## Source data
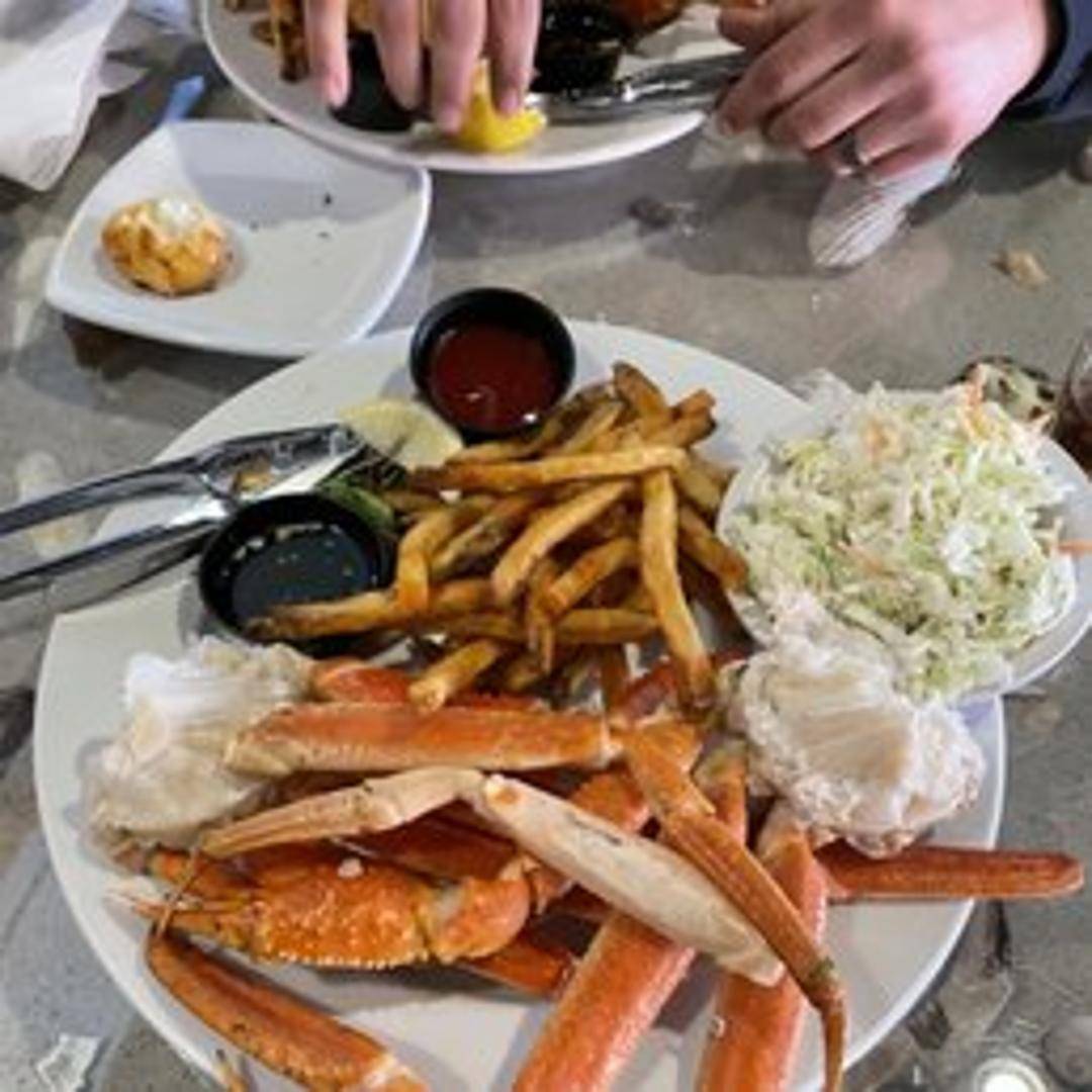 A generous portion of steamed crab legs, served with your choice of two sides. Options may include coleslaw, french fries, mashed potatoes, green beans, or other seasonal vegetables. Drawn butter included for dipping.
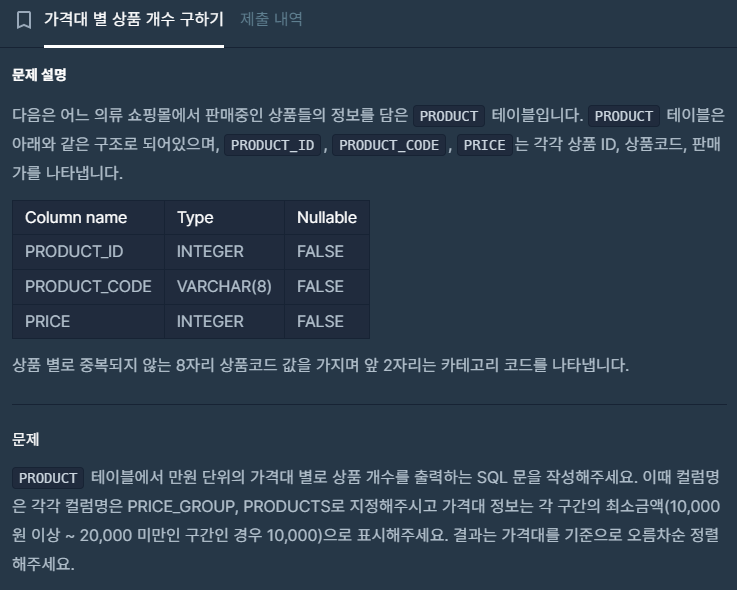 - 구간 값(PRICE_GROUP)은 해당 구간의 최소 금액으로 표시
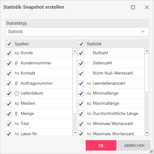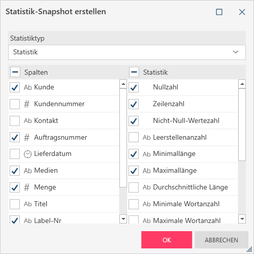 In der linken Spalte des Dialogfelds Statistik-Snapshot erstellen wird eine Liste aller Spalten in Ihrer Tabelle angezeigt, für die Sie eine Statistiktabelle erstellen können. Die rechte Spalte zeigt die verschiedenen Statistiken an, die einbezogen werden können.
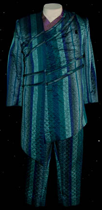 A costume featured in the Star Trek: Deep Space Nine episode “Tribunal” for wear by a child member of the Cardassian jury. The costume is made up of gray ruffled trousers that match the sleeves of the over dress which is built of neoprene components, black with a square patterned, … |
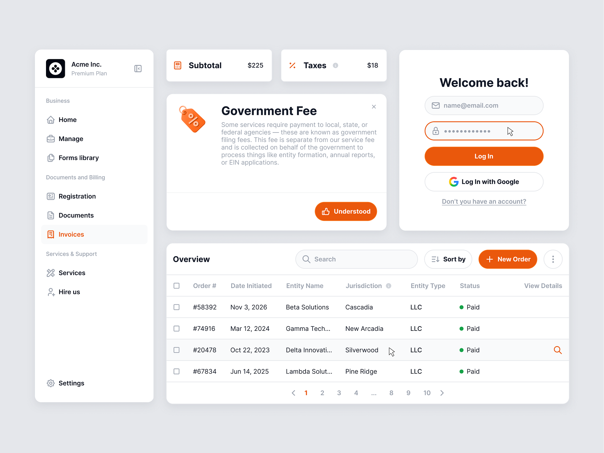 This interface features a clean, modern, and highly functional design typical of professional SaaS applications. The visual language relies heavily on ample white space and subtle gray tones to create a sense of order and professionalism. The layout is organized using clear cards and tables, ensuring that complex financial data is presented in an easily digestible manner.
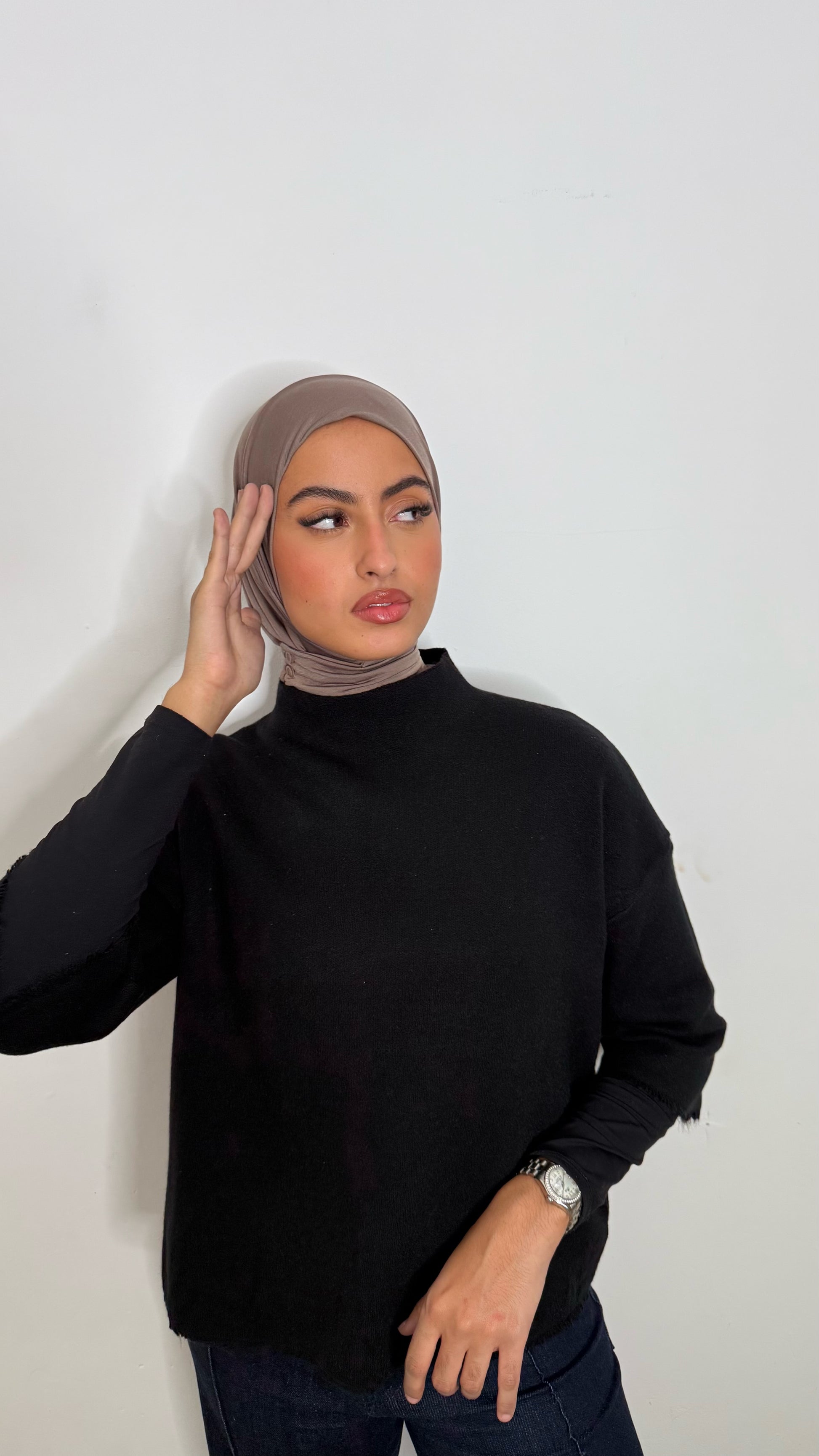 Découvrez la cagoule en jersey ajustable – Taupe, une pièce essentielle à la fois confortable et raffinée.
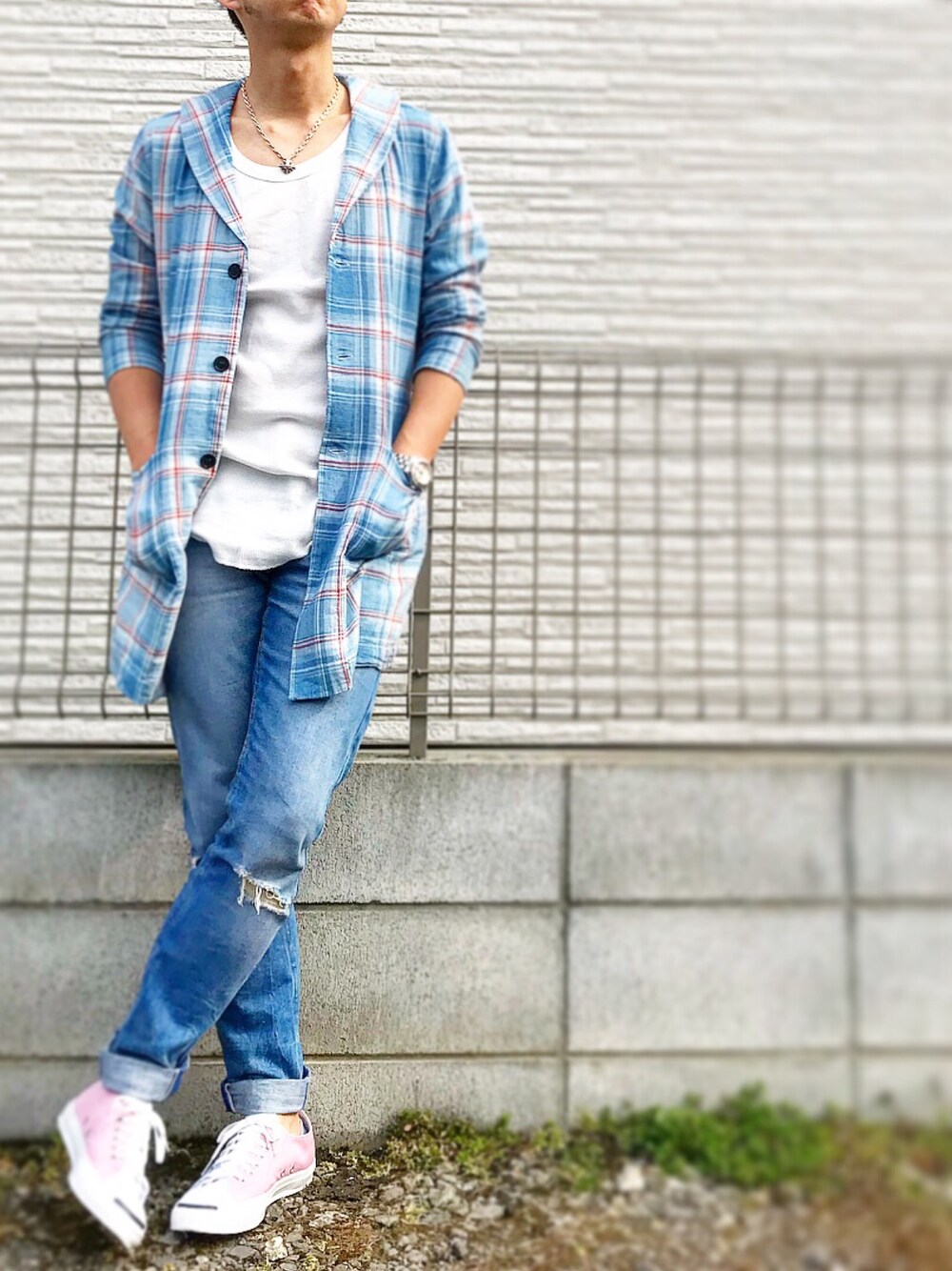 ロング丈な気分で春っぽく 爽やかぶってみたよコーデ🖕 ジャックパーセルはピンクに見えるけど、 マルチカラーになっとります✌️ 小窓ご覧くださいな🙄
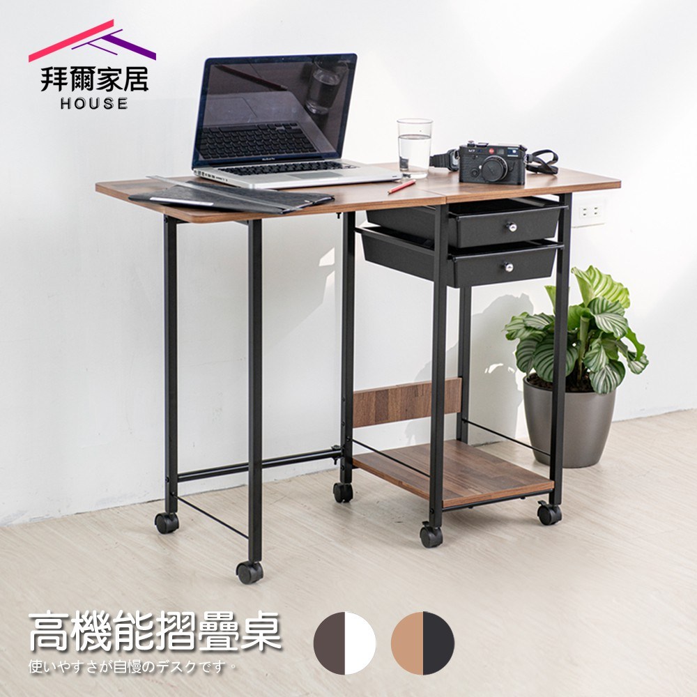 【拜爾家居】高機能摺疊桌 山水白 MIT台灣製造 附抽屜 結構加強版 收納折疊桌 電腦桌
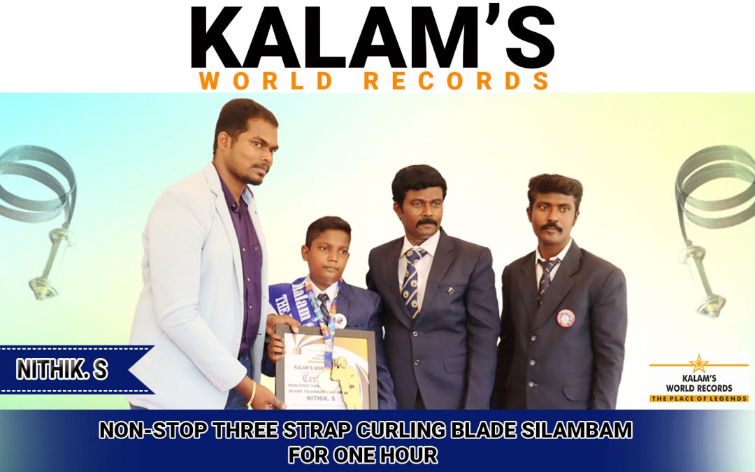 Born on 14-12-2009 From Madurai, Tamilnadu, India. He Has Created a New World Record by Doing Non-stop Three Strap Curling Blade Silambam for One Hour. He Has Set a New World Record Dated 01-05-2022,under the Guidance of Sensei B. Sai Suthakar Founder of the Sai Traditional Art. Venue : Blessing Matriculation Higher Secondary School, Achampathu, Madurai. This Achievement Is Registered in Kalam’s World Records.
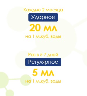 Регулярная обработка бассейна должна выполняться 1 раз в 5-7 дней, из расчета 5 мл состава на 1 м³ воды. Для улучшения эффективности препарата, рекомендуется использовать автоматические станции дозирования.
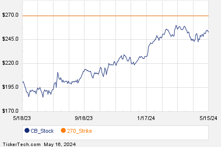 Looking at options trading activity today in Chubb Ltd (Symbol: CB), a total volume of 19,881 contracts has been traded so far. This volume equates to about 2.0 million underlying shares, indicating a striking 127.8% of CB’s typical daily trading volume over the past month. Of particular interest was the $270 strike call option expiring on May 17, 2024, with 2,496 contracts traded, representing approximately 249,600 underlying shares of CB. Inspecting CB’s trailing twelve-month trading history, the $270 strike is highlighted in a vivid orange hue.

## TASK TO CARRY OUT
From the records above, copy only the lines running from the line containing "A costume featured" to the line containing "Регулярная обработка бассейна", both ends included. Leave the pictures out.

## ANSWER BOX
 A costume featured in the Star Trek: Deep Space Nine episode “Tribunal” for wear by a child member of the Cardassian jury. The costume is made up of gray ruffled trousers that match the sleeves of the over dress which is built of neoprene components, black with a square patterned, … |
 This interface features a clean, modern, and highly functional design typical of professional SaaS applications. The visual language relies heavily on ample white space and subtle gray tones to create a sense of order and professionalism. The layout is organized using clear cards and tables, ensuring that complex financial data is presented in an easily digestible manner.
 Découvrez la cagoule en jersey ajustable – Taupe, une pièce essentielle à la fois confortable et raffinée.
 ロング丈な気分で春っぽく 爽やかぶってみたよコーデ🖕 ジャックパーセルはピンクに見えるけど、 マルチカラーになっとります✌️ 小窓ご覧くださいな🙄
 【拜爾家居】高機能摺疊桌 山水白 MIT台灣製造 附抽屜 結構加強版 收納折疊桌 電腦桌
 Born on 14-12-2009 From Madurai, Tamilnadu, India. He Has Created a New World Record by Doing Non-stop Three Strap Curling Blade Silambam for One Hour. He Has Set a New World Record Dated 01-05-2022,under the Guidance of Sensei B. Sai Suthakar Founder of the Sai Traditional Art. Venue : Blessing Matriculation Higher Secondary School, Achampathu, Madurai. This Achievement Is Registered in Kalam’s World Records.
 Регулярная обработка бассейна должна выполняться 1 раз в 5-7 дней, из расчета 5 мл состава на 1 м³ воды. Для улучшения эффективности препарата, рекомендуется использовать автоматические станции дозирования.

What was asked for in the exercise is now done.